Like remember when a bunch of NYU kids locked themselves in the food court to protest NYU's financial chicanery and also the Israeli occupation of Gaza? And then some more established campus activist groups basically said they didn't have any idea this shit was going to happen and lots of other people who sympathized with them politically found them terribly embarrassing?
That is basically the Teabagger Movement. First they were theoretically against bank bailouts, but now they are opposed to Kenyan Socialists who Hate America. They are not just taking back NYU, they are taking back all of America!
This is a problem with our limited, mediated, comic strip version of "history:" people have decided that the way to seize control of your own life and this crazy world is to go all 1960s, like you have seen in a movie. Many of these Tea Party people are actually old enough to have lived through the '60s, but they weren't on the fun side.
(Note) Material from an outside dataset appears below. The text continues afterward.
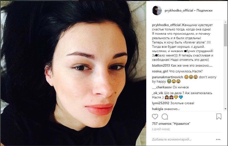 "Женщина чувствует счастье только тогда, когда она одна! Я поняла что происходило, и почему реальность и я были отдельны! Теперь я хочу быть forever alone! Тогда все будет хорошо, с душой, мыслями, и никаких *бучих страданий! За*бало меня! Я теперь счастливая и свободная! Надо отметить это дело", - написала в фотоблоге Приходько.
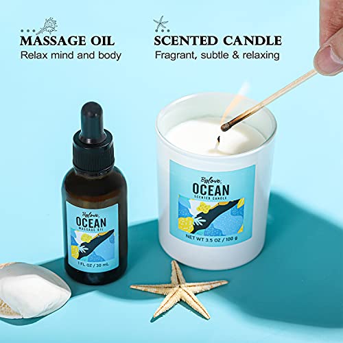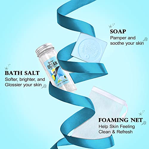 Set Regalo Donna, Confezione Regalo Profumo Oceano 6 PCS, Tazza da Viaggio, Olio da Massaggio, Sale da Bagno, Candela Profumata, Sapone, Rete di Schiuma, Utili Regali Uomo Natale Compleanno

Ben McGrath's New Yorker story on the movement had this fascinating little moment with a local Kentucky teabagger:
Don Seely invited me to his house for coffee the day after the rally at the Kentucky fairgrounds, and showed me his Air Force Commendation Medal, awarded for meritorious service from 1967 to 1971. "At this age, I was so ignorant," he said. "Every once in a while, you'd catch a glimpse on TV of Martin Luther King-all that kind of stuff was going on. I graduated college in December of '66. About a year after I left, that's when all the riots happened. I'm thinking, What is going on?" Seely had always wanted to be a pilot, but, because of poor eyesight, he ended up an engineer in a satellite-control facility. The medal was accompanied by a photograph of Seely in his captain's uniform, and he said that Amber, after looking at the image, had proclaimed that he was the only person she knew who'd kept the same hair style for nearly fifty years: short, straight, and parted neatly on the far right.
Yeesh. And guess what: his daughter goes to the New School. The New School!
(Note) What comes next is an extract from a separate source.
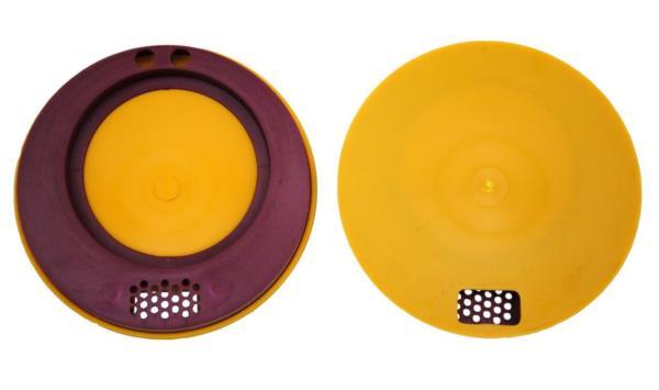 Žltý okrúhly letáčový uzáver s priemerom 50 mm na zakrývanie očiek - otvorov v rôznych zariadeniach pre včely.

It is totally fun to be a part of a big movement, and to convince yourself that this big movement you are a part of is not only morally right, but also secretly incredibly popular. You have to be attacked and beset on all sides by shadowy powerful interests—Soros, corporations, the political elite, ACORN—but that just makes you feel even cooler.
And when you're showered with attention for your work, you start to believe your own hype. The ratio of media to tea party convention attendees was like 1 to 3. 200 members of the media arrived to cover a convention half the size of Daily Kos' first convention in 2006. The steep cost of attending made the conventioneers richer, and thus calmer, than the angry folks who showed up for the protests with the crazy signs that we all remember so well.
While some in the movement acknowledge the debt they owe to true '60s radicals (the only reason you hear so much about Obama's supposed affinity for Alinsky on the right is because the activist arm of the movement is explicitly copying his tactics), the majority of the new populist conservstives adopt a '60s protest strategy while claiming to be Tea Partiers (and comparing themselves to the Founders when they are, in fact, a bit more like those white populist Jacksonians)—like a campus activist might compare himself to a Freedom Rider rather than just another sad rich kid.
The great irony is that entitled young Campus Activists tend to "grow up" and get jobs supporting the post-industrial capitalist superstructure, while these are people who've turned to juvenile attention-craving '60s-aping dress-up parties as putative adults.
But let them have their fun! Student protests are always destroyed by forces both outside and, more often, internal. This white populist movement has received far more coverage than its actual size merits (60,000 people on the Mall is, what, the Halloween parade?), and as whatever grassroots, populist elements of the movement that remain are fully co-opted by the actual Republican Party (and the US Chamber of Commerce, the nation's most influential political party) they'll find themselves just as disillusioned with the process as a sophomore who just go this first taste of tear gas.